Photos courtesy of Cindy Vinson.

Cindy Vinson and her husband were on a cruise in 2005 when they met another couple from the Birmingham area.

As Vinson’s husband was singing on stage with a band, the husband from the other couple went to play drums. Meanwhile, the wives struck up a conversation and that’s when Vinson found out they were Keith and Amy Richards, owners of Taziki’s restaurants.

“I told them I worked with special needs students and took them to places in the community to get job experience either before or after they graduate,” she said. “He told me he had a business, and I told him it would be a win-win situation for us both to let me bring a student with special needs and do a training opportunity.”

Thus began the partnership of Vinson’s students working at Taziki’s locations, beginning in 2005 at the Lee Branch location and then spreading to other locations. Vinson said she would have between one and three students in all of his locations until that program ended in 2012.

After that, Vinson and Richards co-founded a new program called The HOPE Project with a purpose of providing meaningful work to students who have disabilities. The students would maintain gardens and then sell their herbs and vegetables to Taziki’s.

“Taziki’s passion for The HOPE Project has grown because of the multiple opportunities it offers to students with disabilities,” Richards said in a statement on Taziki’s website. “The HOPE Project helps with job placement but also sets an example for how we can help other restaurants partner with schools to create HOPE gardens and employ individuals with special needs.”
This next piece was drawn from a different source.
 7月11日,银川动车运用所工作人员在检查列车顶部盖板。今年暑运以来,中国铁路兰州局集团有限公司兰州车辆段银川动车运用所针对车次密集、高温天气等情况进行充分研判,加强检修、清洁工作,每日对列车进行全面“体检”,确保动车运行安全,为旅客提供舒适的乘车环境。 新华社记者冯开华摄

Shelby County Schools began creating HOPE gardens in 2012, with the first one planted at Vincent High School. The project is currently in its 10th year.
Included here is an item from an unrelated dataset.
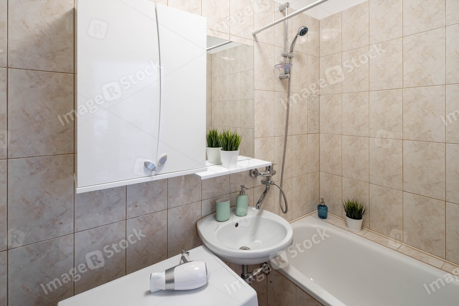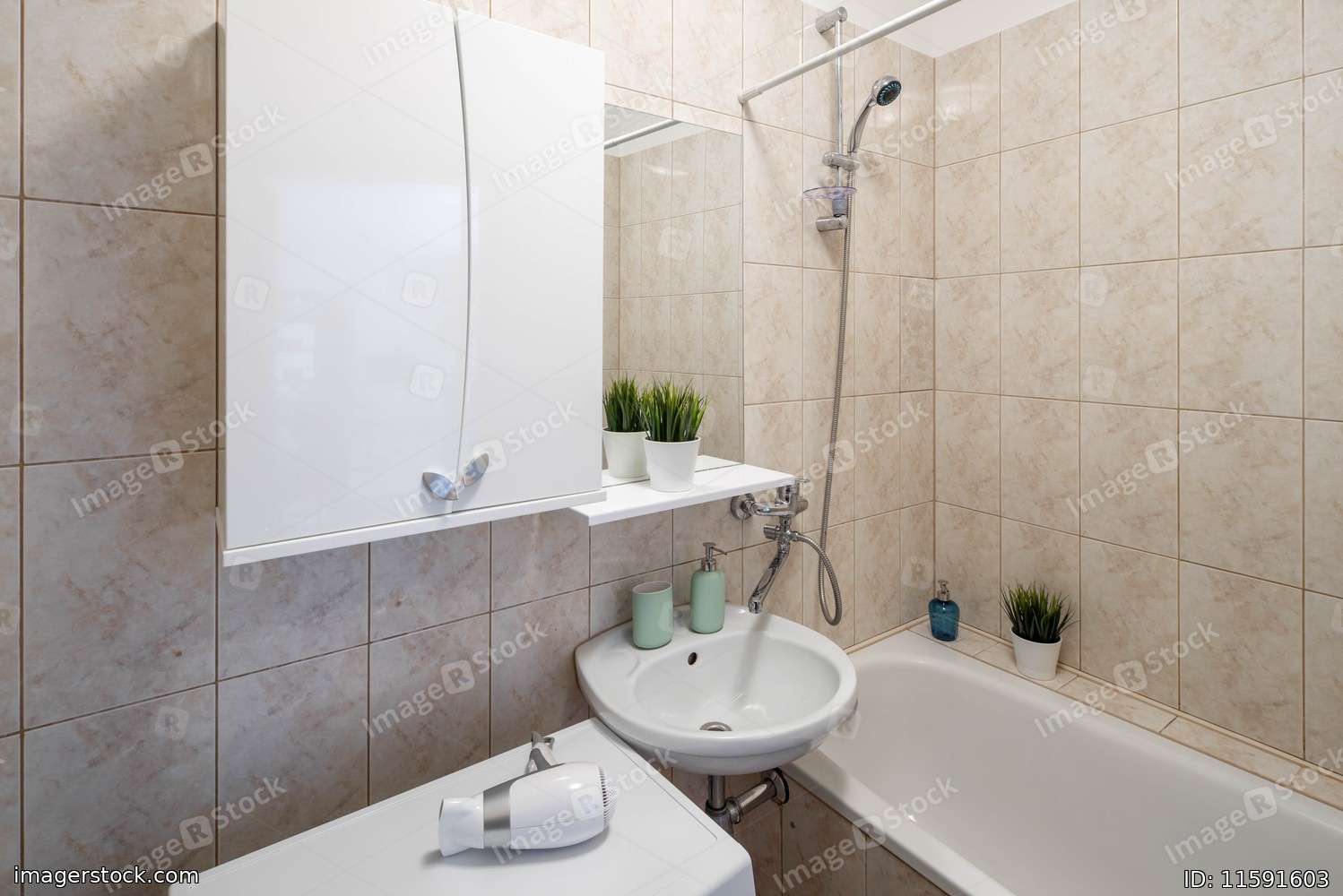 White sink with mirror. Bath and hairdryer. Beige tile in bathroom.

Over the past decade, HOPE gardens have been planted at almost all Shelby County high schools, and Chelsea High School’s garden was completed in April. It is the seventh HOPE garden at a county school, and the following garden was completed at the Linda Nolen Learning Center.
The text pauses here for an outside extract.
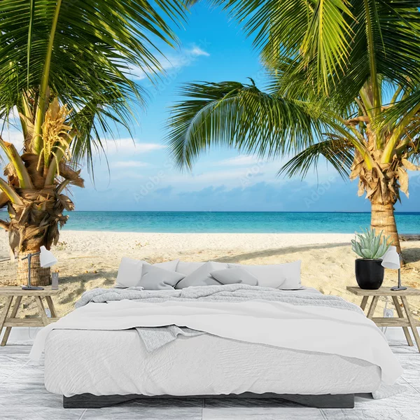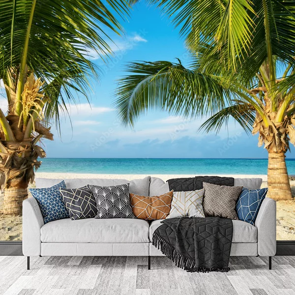 Obraz przedstawia malowniczy, tropikalny krajobraz idealny na fototapetę. Na pierwszym planie widoczne są dwie smukłe palmy, które rosną na piaszczystej plaży. W tle rozciąga się lazurowe morze, którego spokojne fale sięgają horyzontu. Całość jest skąpana w ciepłym, słonecznym świetle, a niebo jest jasne, z delikatnymi obłokami. Taka fototapeta wprowadza do wnętrza egzotyczny klimat i poczucie relaksu.

HOPE stands for “Herbs Offering Personal Enrichment.” Vinson said students in the program are taught transferable life skills they are needed whether at work or at home. The entire process includes planting the seed to using the herbs in a recipe. Items grown and harvested include parsley, oregano, rosemary, basil and a variety of vegetables.

Students in the program learn to use math, agriculture and science skills while providing an income for their programs. Another part of the partnership is Taste of Taziki’s, in which students go to participating restaurants and see the herbs that they harvested, Vinson said.

“We go through each one of them, and everybody gets a sample of each herb,” she said. “They get to taste the different items they use it in.”

The Chelsea HOPE garden is located near the high school’s entrance and was constructed in the shape of the letter “C.” It was a project by a former Eagle Scout student, and students in the program helped build it.

Vinson said the program is hands-on and that it’s fun for the students to get out of the classroom and into an outdoor setting.

Students in the special education department work with other organizations within the schools so that each student has a partner. Chelsea partners with its Garden Club, and other schools partner with the agriculture department, peer groups and more.